Ding, Shi, Qie, Li, Xi 2023 — Heavy metals (Cd, Pb, As, Hg) and child autistic disorder meta-analysis
This Frontiers in Pediatrics meta-analysis pooled 53 case-control studies (5,054 participants; 2,533 ASD cases and 2,521 healthy controls, all aged <18) to test whether children with Autistic Disorder carry higher body burdens of cadmium, lead, arsenic, and mercury than healthy controls. Hair, blood, urine, fingernail, and tooth measurements were extracted from primary studies indexed in PubMed, Web of Science, Embase, and the Cochrane Library from inception through October 2022. The pooled standardized mean differences show ASD children carry significantly higher Pb, As, and Hg body burdens (P<0.001 for each) than healthy controls; Cd did not separate the two groups overall (P>0.05) but did differ by region. Effect direction varied strongly by geographic region: ASD-control differences were largest in Asian and European studies and reversed in North American studies for Cd, As, and Hg.
Key numbers
Pooled sample (Table 1; PRISMA flow on Figure 6):
- 1,374 records identified (PubMed 372, Embase 341, Web of Science 645, Cochrane 16); 574 duplicates removed; 800 screened; 89 sought for retrieval; 53 included.
- 53 included case-control studies; 5,054 total participants (2,533 ASD, 2,521 controls).
- Geographic distribution of included studies: 12 North America, 19 Asia, 20 Europe, 1 Australia, 1 Africa.

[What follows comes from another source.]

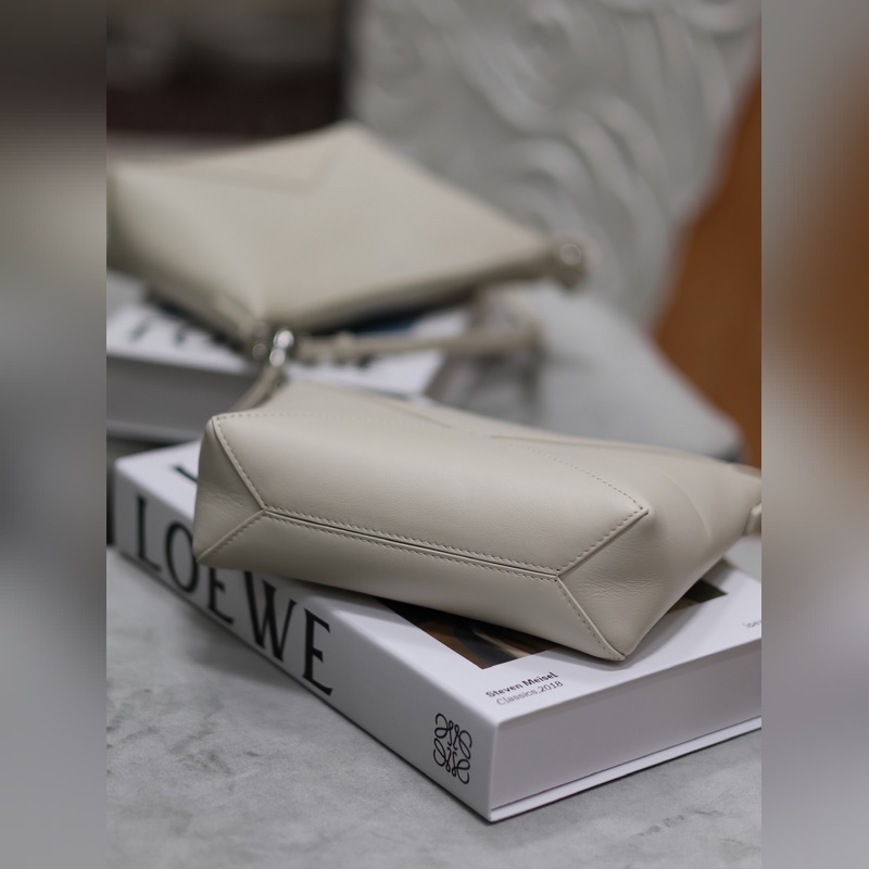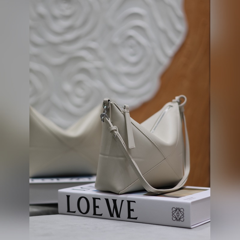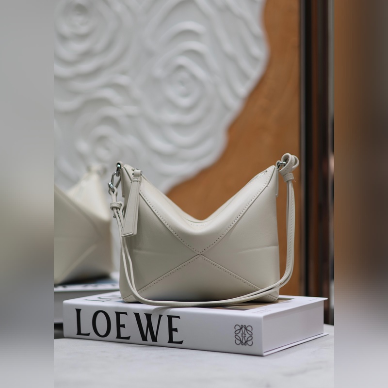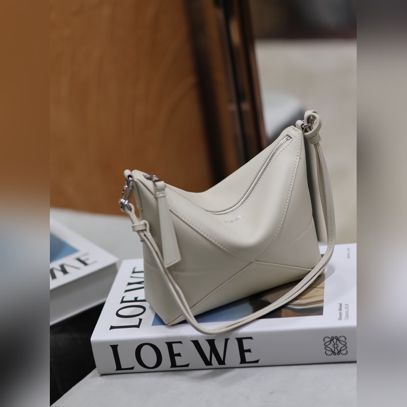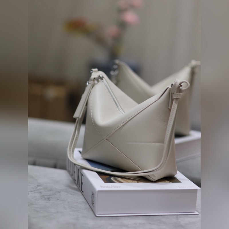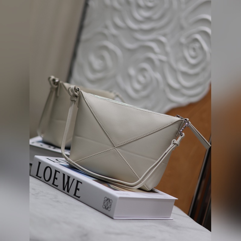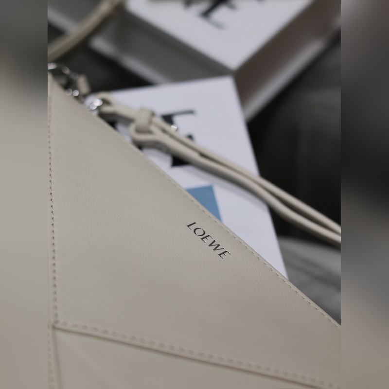 천연 가죽 L ewe 광택 나파 가죽 퍼즐 폴드 클러치 백 Sea Salt White 퍼즐 폴드 백은 실용적이고 다재다능한 클러치 백을 재해석한 제품입니다. 이 제품은 브랜드의 클래식 핸드백의 기하학적 라인에서 영감을 얻어 그래픽적인 건축적 아름다움으로 재해석했습니다. 이 가방은 광택이 있는 나파 가죽으로 만들어졌습니다. 숄더백 크로스백 또는 다른 가방 안에 넣을 수 있습니다. 탈부착 및 길이 조절이 가능한 어깨 스트랩 지퍼로 여미는 방식 스웨이드 안감 LOEWE 핫 스탬핑 모델: 5101/ 크기: 23*6.5*15.5cm

- All included studies scored ≥6 on the Newcastle-Ottawa Scale; mean NOS score 7.1.
Cadmium (22 studies, random-effects model, I²=92.1%, P_heterogeneity<0.001):
- Overall: SMD = 0.17, 95% CI (−0.18, 0.51), P>0.05 (not significant).
- By detection source (Table 2): hair 13 studies, SMD 0.22 (−0.33, 0.77), P=0.429; blood 7 studies, SMD 0.21 (−0.36, 0.77), P=0.476; urine 5 studies, SMD −0.05 (−0.69, 0.59), P=0.879.
- By region (Table 2): North America 5 studies, SMD −0.52 (−1.04, −0.01), P=0.048; Asia 9 studies, SMD 0.61 (−0.18, 1.40), P=0.128; Europe 9 studies, SMD 0.12 (−0.18, 0.42), P=0.430.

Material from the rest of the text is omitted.